Edit: the evidence for my claim - just look at how realtime audio apps with tight latency requirements can’t work on Android
- > don't install artificial barriers to differentiate your products
Some barriers are not artificial. I’m am an engineer and many of Apple’s engineering feats are only possible due to highly controlled interfaces. See for example audio applications that have very high performance requirements, such as low latency audio.
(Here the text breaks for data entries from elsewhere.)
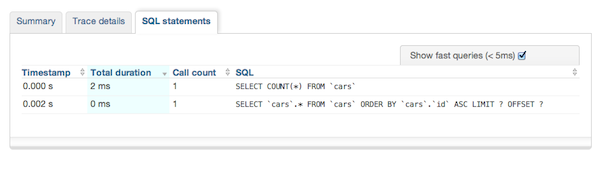 Let's dig into the trace a little bit. It looks like the SQL SELECT was fast, a Car.find was also fast. Then we lose about 2 seconds which is followed by some very fast template rendering: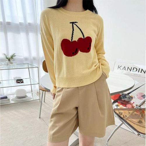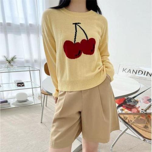 가벼운 라운드 여성 긴팔 체리 니트티 코디룩 20대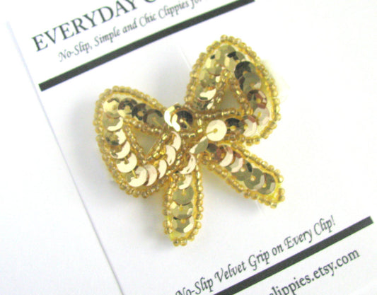 Gold Sequin Beaded Bow Hair Clip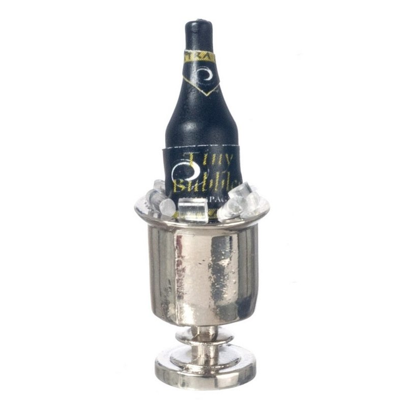 - Dolls House Miniature Pub Dining Accessory Champagne on Ice in Silver Bucket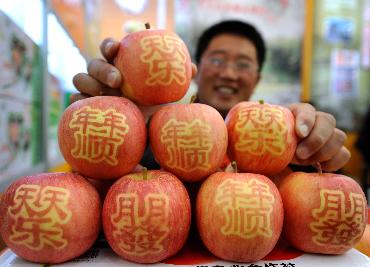 12月3日,江蘇豐縣喜來樂果蔬專業(yè)合作社人員在展銷會(huì)上展示特色禮品蘋果。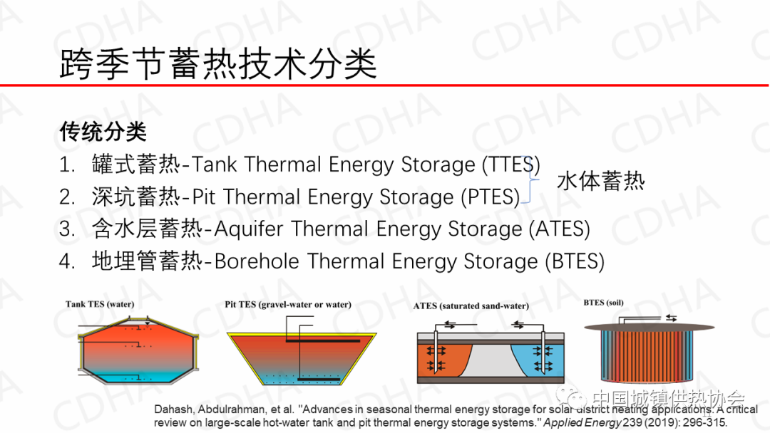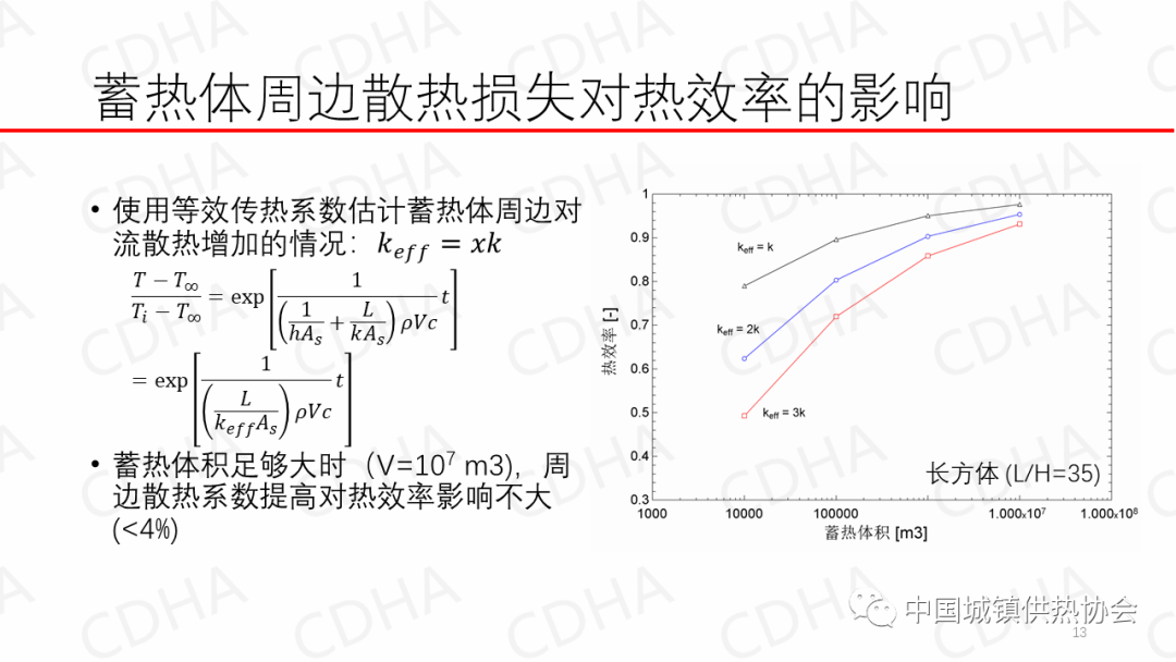 所以這幾種做法最后比起來還是大的一個深坑的最好,因為抓的是兩件事兒,一個是熱量不能丟,一個是品位盡可能不能丟,這樣儲熱是上面是熱水,底部是涼水,進(jìn)的時候(上面)進(jìn)熱的,涼的從底下出去,取的時候是上面出來熱水,涼水補到里邊去,要的是中間一個冷熱分層,那個(斜溫層)變化是(上下)來回變的,(熱水涼水分層)不能摻和。所以得通過各種辦法補水的氣壓,緩慢的取水裝置等等,這就能夠特別好的解決里邊的問題,總的結(jié)果就是效率很高。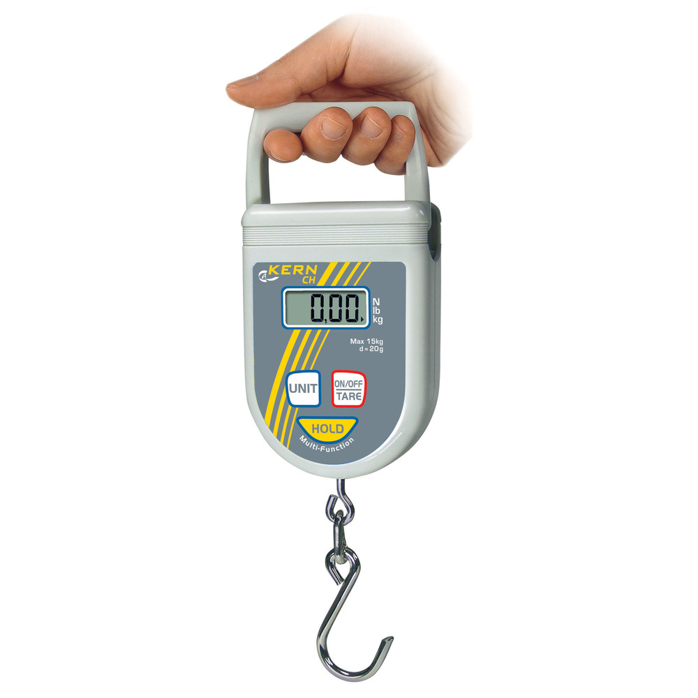 Kompakte Handwaage, LCD-Display-Ziffernhöhe 11 mm, mit Maßband, herausziehbar (Messlänge 100 cm) Edelstahlhaken 270 mm einklappbar, Betriebsbereit mit Block-Batterie (9 V), Wiegebereich bis 50 kg, Teilung 50 g.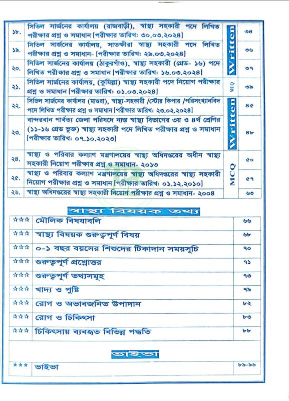 ক্যাম্পাস স্বাস্থ্য সহকারী নিয়োগ সহায়িকা (এমসিকিউ, লিখিত ও ভাইবা)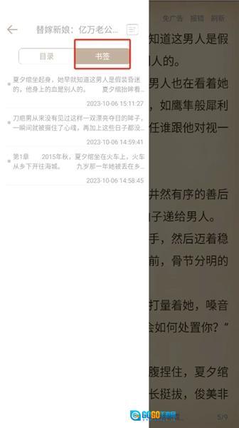 3、进入书签目录后,所有书签记录都会显示在这里,点击任意书签即可直接跳转到对应的已添加书签页面。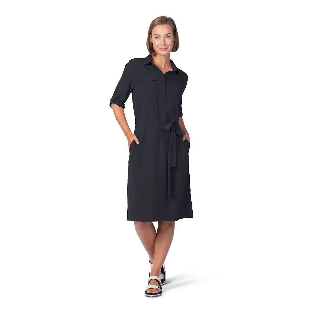 Это элегантное платье-рубашка длиной выше колена с поясом изготовлено из функционального, высокоэластичного и дышащего материала AFT Stretch.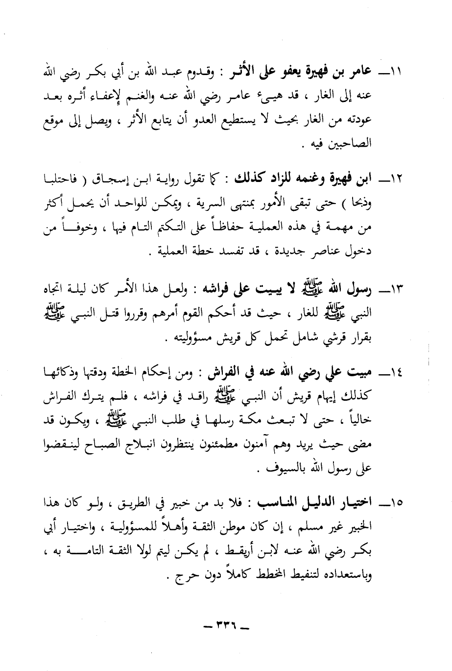 14 - مبيت علي رضي الله عنه في الفراش: ومن إحكام الخطة ودقتها وذكائها كذلك إيهام قريش أن النبي (ص) راقد في فراشه، فلم يترك الفراش خاليا، حتى لا تبعث مكة رسلها في طلب النبي (ص)، ويكون قد مضى حيث يريد وهم آمنون مطمئنون ينتظرون انبلاج الصباح لينقضوا على رسول الله بالسيوف.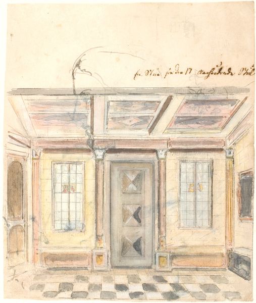 Curator: What a quietly elegant space! It’s got that feeling of poised expectation, like it's holding its breath. Editor: Yes, precisely! I feel like I could waltz right into that room. Now, what are we looking at exactly? Curator: This is "Drawing of an Interior: Salon" created around 1850 by an anonymous artist. It’s a pencil and watercolor piece currently residing here at The Met. The rendering, through the subtle blending of mediums, evokes so much more than just simple architectural record, no? Editor: Absolutely. There's a distinct softness. The colours are restrained, but deliberate – a little pop of red here, a smudge of blue there. The light streaming in suggests a late afternoon… What stories do you imagine within these walls? Curator: Given the likely social and political context of its time, I wonder what the artist seeks to reveal. Whose gaze is reflected by this rendering of wealth? Is it merely documentary, or does this echo of power and status present commentary? This seemingly empty space speaks to the narratives it could contain. Editor: You’ve sparked my imagination. It makes me want to get into the heads of the absent characters. Were the inhabitants wealthy elites navigating complex social norms, perhaps stifled by convention even within the beauty of this carefully crafted setting? Or something simpler? Perhaps this space provided freedom, creativity? I keep thinking this particular Salon may conceal forbidden liaisons! Curator: Indeed. The room is decidedly unfurnished, save for its architectural details, its decorative trims, and carefully rendered, tiled floor. It gives us freedom to place within it a wealth of possibilities, of differing degrees of comfort and tension. But why only suggest a setting? I suppose my impulse would be to better understand whose stories were considered unworthy of such rendering. Who did the walls not serve? Editor: I’m certain we could sit and wonder for days about such a humble, empty room. Its simplicity seems almost confrontational in the present day, somehow... Anyway, whatever one thinks of what’s contained – or not contained – it makes you wonder what a room is truly "for", right? Curator: Absolutely. These interiors prompt questions around domesticity and status… The tension in this work remains fascinating precisely because it is not fully stated, leaving much to interpretation and debate. Editor: Exactly!
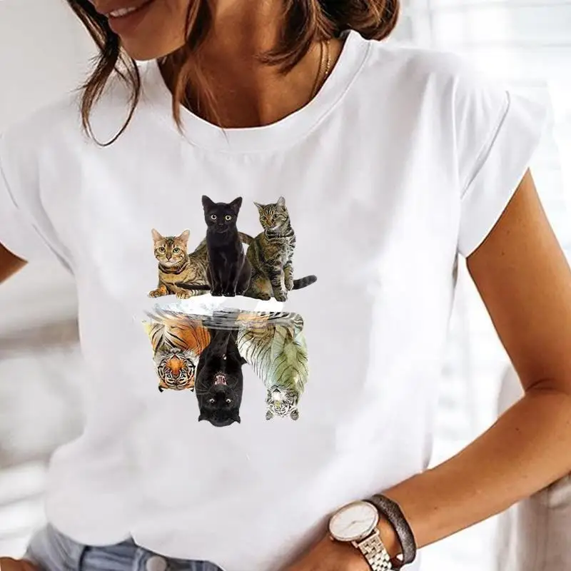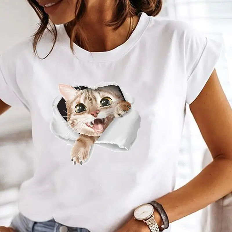 Cat 3D Clothing Women Print European and American Short-sleeved T-shirt Graphic T Shirts Aesthetic Clothes Women Clothes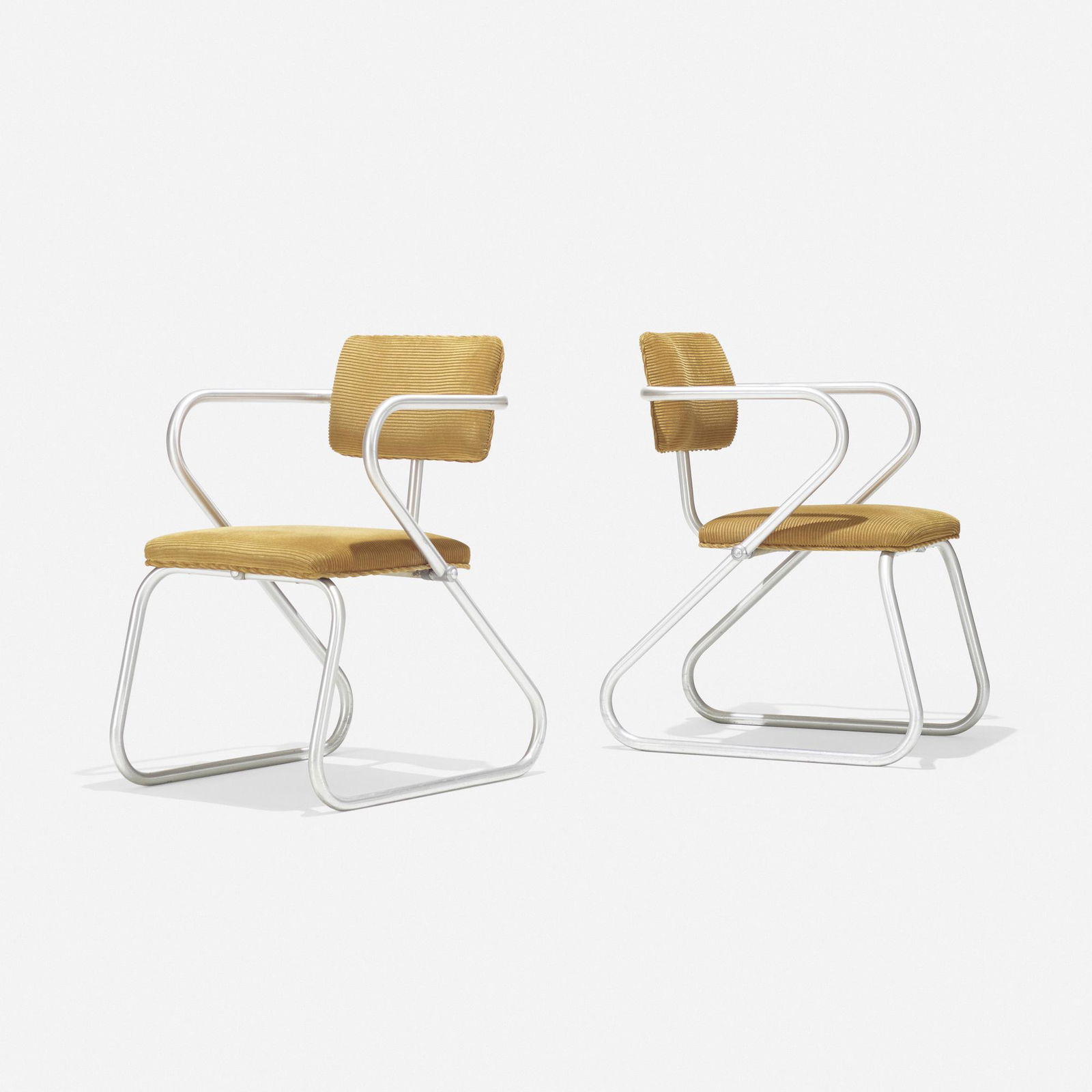 SoldWarren McArthur, Armchairs, pairWarren McArthur Armchairs, pair Warren McArthur CorporationUSA, c. 1933aluminum, upholstery, rubber 30 h x 21 w x 24.5 d in (76 x 53 x 62 cm) Provenance: Nicholas and ShSee Sold Price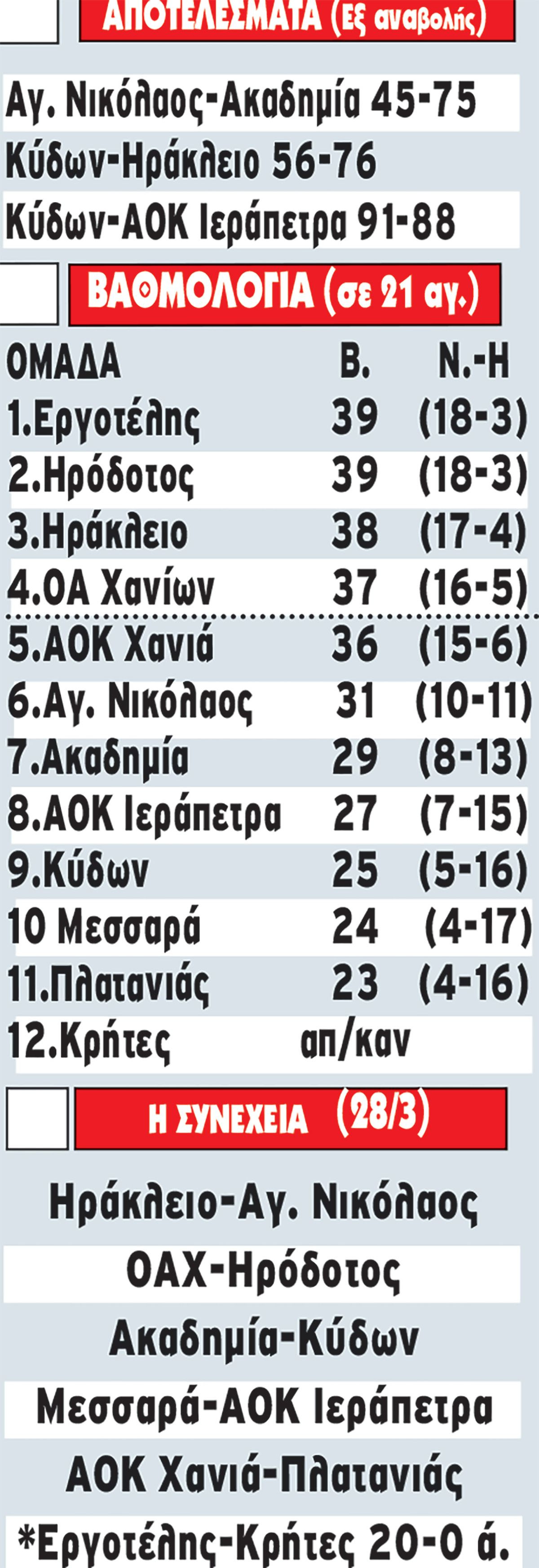 Απομένει πλέον μία εκκρεμότητα, που αφορά το εξ αναβολής παιχνίδι στο Λασίθι ανάμεσα σε Ιεράπετρα και Πλατανιά, ενώ η τελευταία, 22η αγωνιστική, θα διεξαχθεί την επόμενη εβδομάδα πριν από τα πλέι οφ.
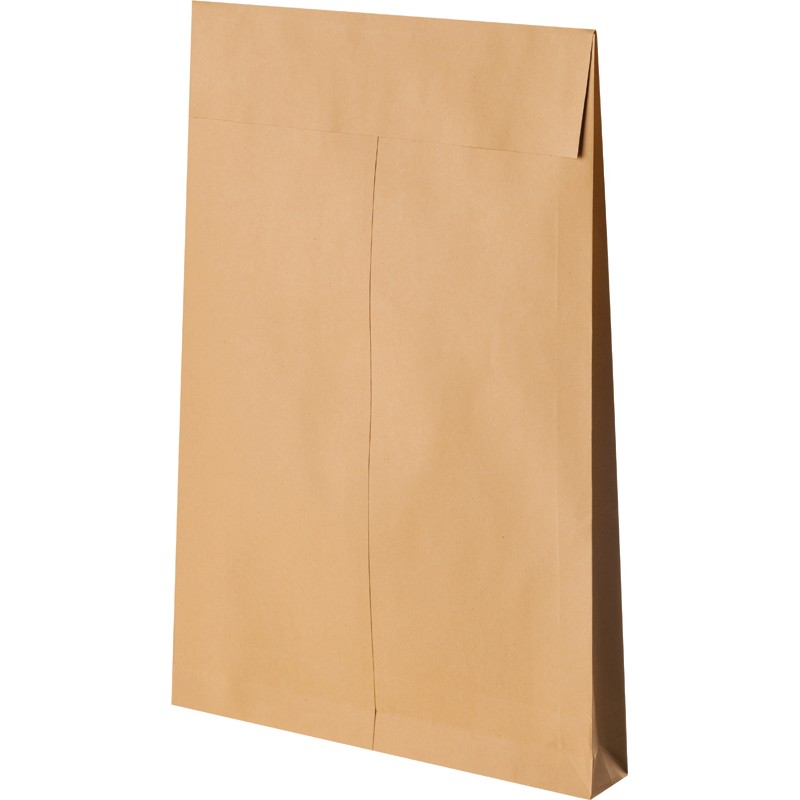Пакет почтовый Gusset размером 280×400×40 мм выполнен из крафт-бумаги плотностью 140 г/кв.м, имеет клеевое нанесение типа стрип (отрывная силиконовая лента). Боковое расширение — 40 мм.

It is literally impossible to build this on Android due to the interoperability layer being too slow. Many useful features on Apple devices take advantage of the highly tuned performance that can only happen on devices in the same ecosystem. Take for example Live Translation on AirPods. It’s very hard to get the same level of performance over a public API. Lots of Apple Silicon advantages in battery usage come about due to their deep integration with all parts of the hardware stack — that level of performance would be impossible over an interoperable stack. This is not about walled gardens, this is about building better performing devices with better experiences. It is much harder, near impossible, to build Apple-quality experiences over third party hardware.
I am completely against artificial walled gardens and artificial barriers but I believe many of Apple’s strict barriers are real engineering performance advantages.
- The entire premise of Apple is building highly tuned private APIs. It’s what makes things like Apple Silicon battery performance and power to watt ratio possible. This kind of super fine tuning is practically impossible over a public API boundary, or at least much more difficult task. Take Live Translation for example. It has very tight latency and performance requirements which would be hard to make work over a public API where you can’t control the other device. Many types of audio applications are literally impossible to build on non-Apple devices due to the latency requirements. There is an entire audio ecosystem that cannot exist on Android due to the realtime performance requirements.
- EU consumers will travel to other countries or buy through second hand markets, which is what happens in Russia now. Apple will lose little revenue. Apple can easily spin this as a win to shareholders showing how much competitive advantage was preserved by not having to build the EUs interoperability demands.
In the end the EU consumer gains nothing from all of this but loses their beloved Apple devices.